Geschlafen habe ich dann ich dann etwa wieder nur eine Stunde, hatte ein sehr gutes und reichhaltiges Frühstück und traf dann die beiden Leute von der Firma wieder, bei der ich mich beworben hatte. Ich hatte gleich ein etwas eigenartiges Gefühl, schwer beschreibbar, aber jedenfalls war meine Euphorie des Vorabends schlagartig weg. Wir fuhren erster Klasse nach Frankfurt. In Frankfurt wurde mir dann, wie auch schon in Ulm, Hardware-Pr0n vom Feinsten gezeigt. In der Zentrale der Deutschen Vermögensberatung habe ich noch etwas sehr Lustiges gesehen: Auf den Böden der Fahrstühle lagen Teppiche mit dem der Aufschrift “Freitag” und mir wurde erklärt, das diese Teppiche jeden Tag entsprechend gewechselt werden. An dem Ort gehen wohl 1/4 des gesamten versicherungs-relevanten Traffics in Deutschland rüber.

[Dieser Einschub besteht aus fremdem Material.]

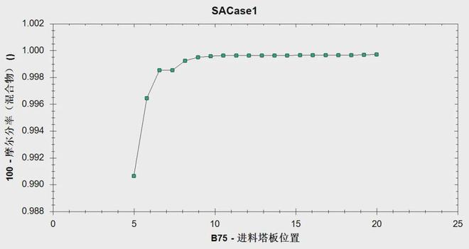对EDA合成与裂解工段的精馏塔的操作参数进行灵敏度分析。我们采用塔顶出口流股的醋酸乙烯酯的摩尔分率为目标变量,进料塔板位置作为操纵变量进行优化,当醋酸乙烯酯的摩尔分率保持稳定最大时,得到优化结果。

Die Stelle, für die ich mich beworben habe, ist eine Teamleiterstelle für ein Team von 4 Sysadministratoren, und habe dann irgendwie das Gefühl bekommen, das ich absolut chancenlos bin. Ich müsste mir in kurzer Zeit wahrscheinlich mehr Wissen aneignen als tatsächlich zu bewältigen wäre. Ausserdem müsste ich mein Leben total auf den Kopf stellen und alle Pläne für die nächsten Monate über den Haufen werfen, dafür allerdings einen Batzen Geld verdienen, was mir allerdings auch ganz gut tun würde. Die Verabschiedung war recht unterkühlt, deswegen denke ich, ich bin raus aus der Nummer. Ich bekomme am Montag endgültig Bescheid (habe ich bekommen).
Die Rückfahrt war ziemlich seltsam. Von Frankfurt nach Leipzig war ich ziemlich nachdenklich und leicht depressiv, weil mir wieder mal klar geworden ist, dass eine Menge ungelöster Probleme habe und mir langsam die Zeit davon läuft. Die Fahrt von Leipzig nach Dresden war dann allerdings ziemlich derb und ich kann nur sagen, dass ich grosses Glück hatte. Im Zug sass eine Gruppe Nazis, die mich ziemlich lautstark angepöbelt haben. Es ist aber nichts weiter passiert, ausser das mir wieder mal klar war, dass ich echte Probleme mit Gewalt habe. Das ist wohl schon ein Vorgeschmack auf Sonntag, wenn die Nazis zuhauf in Dresden aufschlagen.
Alles in Allem waren die beiden Tage sehr intensiv und haben durch mein persönliches mentales und emotionales Auf und Ab sehr viel Kraft gekostet. Trotzdem war es natürlich sehr interessant und lehrreich.